Old Mixson home as it orginally looked when it was 2 stories.
The house didn’t have a refrigerator or stove, so I brought the refrigerator I had on the Archer road and bought a new gas stove. The house didn’t have air conditioning, so I had a small window unit which I put in the study and put a fan to blow cool air into the bedroom.
Living there was something special, quiet and serene, surrounded by fields with horses and cows. It is so far out in the country that I could hear cars coming down the paved road a couple miles away, I would pause to see if they would turn down the dirt road to the house and if they did so would go look to see who it might be for only a few lived nearby and everyone knows each other.

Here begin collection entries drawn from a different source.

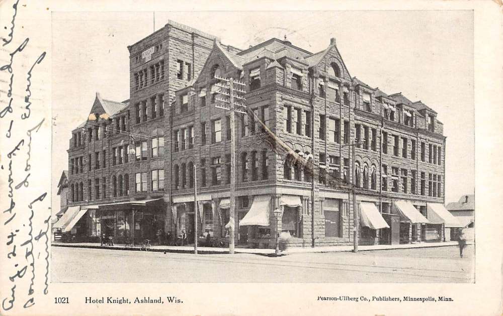 Ashland Wisconsin Hotel Knight Street View Antique Postcard K84454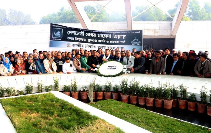 জাতীয় বিশ্ববিদ্যালয়ের পক্ষ থেকে বেগম খালেদা জিয়ার সমাধিতে শ্রদ্ধা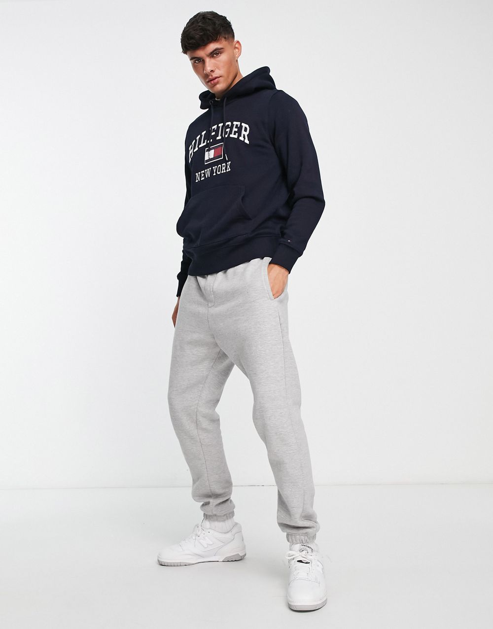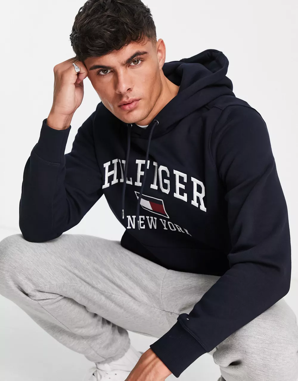 - Tommy Hilfiger modern varsity logo cotton blend hoodie in navy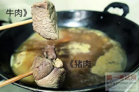 四尝:做熟了以后,牛肉老,猪肉嫩,这是最明显的区别。 #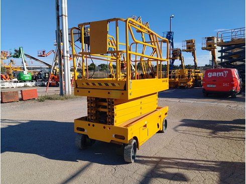 Plataforma tijera eléctrica HAULOTTE COMPACT 12. Altura de elevación 12 metros y capacidad de carga 300 Kg. Año de fabricación 2013.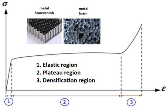 Metallic cellular structured materials are basically material with pores and have a density less than the material bulk density, depending on the porosity levels []. Examples of such materials are metallic foams or metallic honeycomb-like structures. Such cellular structured materials when they collapse under axial loading allow the structure to compress without significant transversal deformation. The influence of cell microstructure on the behavior is due to the fact that the deformation mechanism of the material at cell level is governed by bending and stretching of the cell wall followed by buckling at a post-yield stage []. This along with the plateau stress behavior (near constant deformation resistance) makes metallic cellular structures attractive for crashworthiness applications [,,,,,,,], as depicted in Figure 3.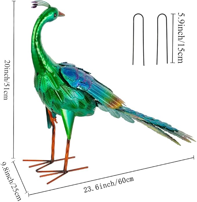 - Weather Resistant: The peacock sculpture is made of metal and has excellent weather resistance. The bright colors make the garden sculpture bloom with charming radiance, adding a touch of brilliance to your garden life

My relationship with Beverly was on uncertain ground but she would often spend nights with me but not every night. She never really explained where she stayed those other nights. As we saw each other less and when she was there hardly spoke to each other, I asked another girl out and bought her home one night. After that, Beverly still came to the house off and on but stayed in the other bedroom. I always remember she came home late one night and got up and left early the next. I heard her come and go but didn’t see her. I got up the next morning and there was a white trash bag in the refrigerator. I looked inside and to my surprise there was a dead racoon. I went to work and when I got home that evening, she had skinned it and nailed the hide to a board to dry.
Old Mixson House in 2004 after Uncle Jim restored it. Note the front porch was opened up like it was in the old days. (it was enclosed when I lived there.)
I had expected to live there several years but got a job offer in Melbourne Florida. I moved out after a spectacular Bicentennial Bacchanalia party send off on the 4th of July, 1976. Beverly continued to live there for the remainder of the lease and I paid the rent. Several months after the lease had run out and new people moved in my aunt Iva Mae called me and said that there was an old VW Van in the yard, and I needed to remove it. I somehow contacted Beverly and told her and she had it removed. Next, Indialantic Florida.
House in 1920
Drawing by Rosalie Mixson of the house which she did in
1964. Note the kitchen and dinning room behind he house. When
I lived there in 1976 the bedroom shown above the parlor below was
the kitchen. The kitchen that was out back was the bathroom. I
used Pa's bed room for my bedroom. In 2020 I visited Jim
Mixson, son of James Darlington Mixson who then lived in the house
and he said the was "born in the room right there and hoped to die
there." referring to the Pa's bedroom.